Sputum rheology provides objective and quantitative properties, with relatively low variability in the measured quantities, provided that samples are properly vortexed immediately after collection. While access to a rheometer may be a constraint in some laboratories, the ability to freeze samples at \(-80\,\,^{\circ }\hbox {C}\) without losing their rheological properties makes it possible to overcome this limitation. Several practical points should also be taken into consideration when performing rheological measurements. First, samples should be correctly loaded into the rheometer as incorrect placement is a major source of measurement artefact. Second, measurements should be carried out promptly as mucus samples are prone to dehydration at physiological temperature, which greatly increases the variability of rheological measurements35. The use of commercially available solvent traps attenuates this difficulty35. Third, high shears at the upper end of the amplitude sweep protocol may partly drive the sample out of the geometries, making the rheological results unexploitable in this limit. This is the reason why we limit our analysis to the critical point, when the sample starts flowing, without considering the flowing region itself. All considered, practical difficulties can be quite easily overcome, making sputum rheology a reliable method that could be broadly exploited in biophysical and preclinical research.

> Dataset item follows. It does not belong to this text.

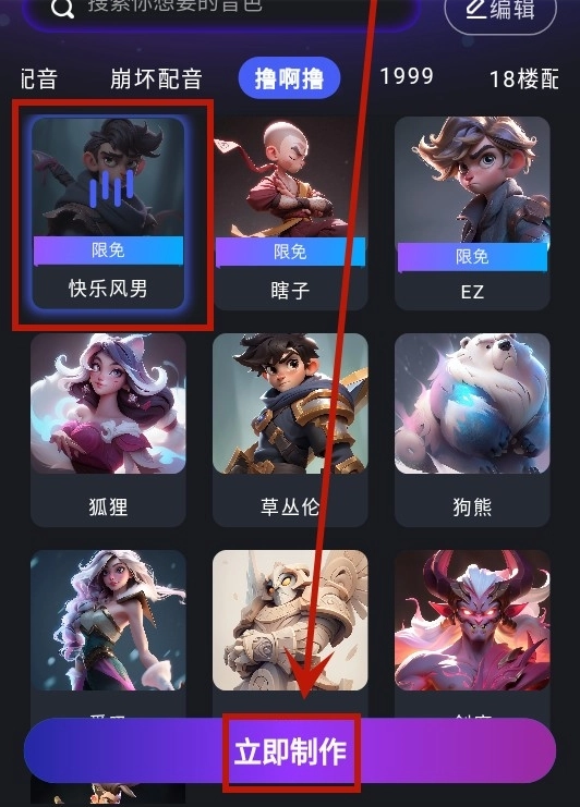 3.选择您需要的音色,然后点击【立即制作】。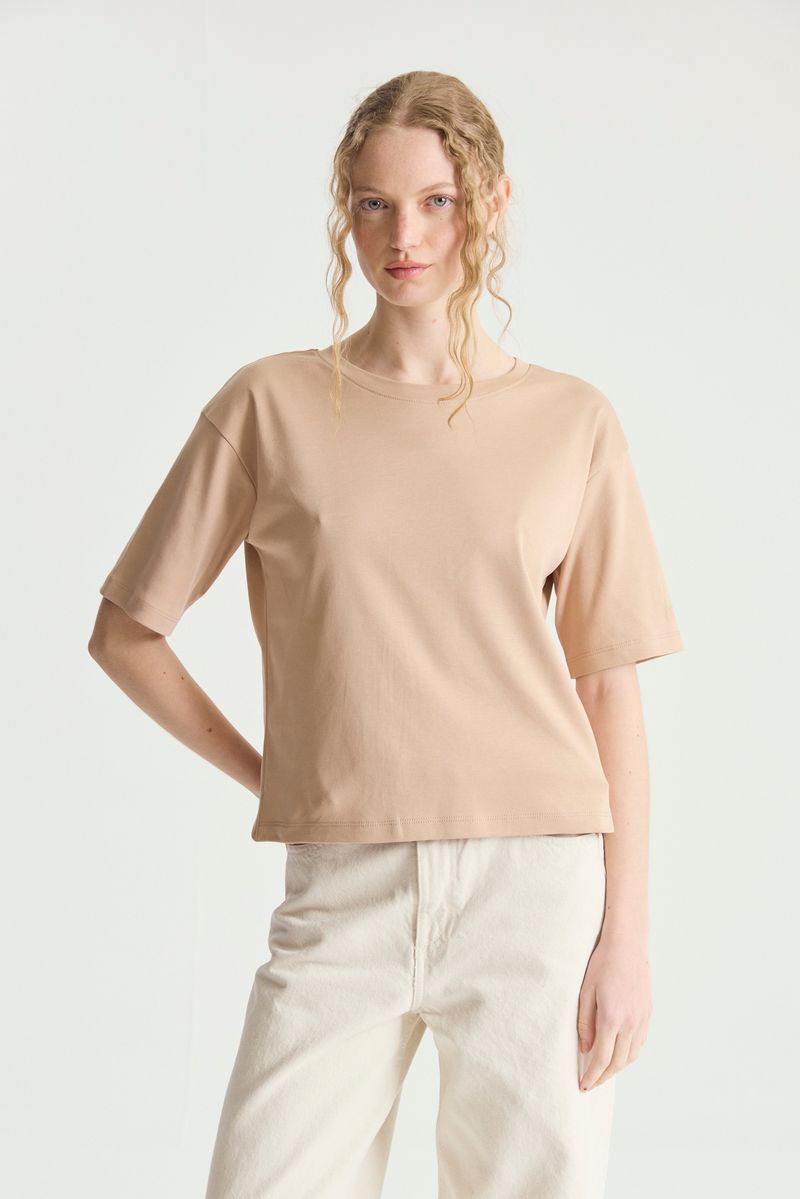 Remera de calce relajado con escote redondo, manga corta y detalle de espalda cruzada confeccionada en perú en interloque de calidda premium 100% algodon pima

Overall, the present investigation draws guidelines towards a justified protocol for sputum rheometry. The existence of such protocol would benefit to both fundamental and clinical studies as the results given by different groups could be easily contrasted and related without concerns about the methodology. For instance, understanding the relation between healthy and diseased mucus composition with its structure and flowing abilities could help first to understand the influence of viscoelasticity in mucus clearance. Then, the study of sputum rheology could also help to assess which elements from its composition (bacterial load, immune response, DNA, mucins, etc.) are abnormal. In clinical context, the personalised surveillance and monitoring of muco-obstructive lung diseases is still a major challenge due to the lack of quantitative biomarkers, especially on the early detection of exacerbations36 and its immediate treatment. The demonstrated practical ability to perform unified rheological measurements could help tackling this challenge.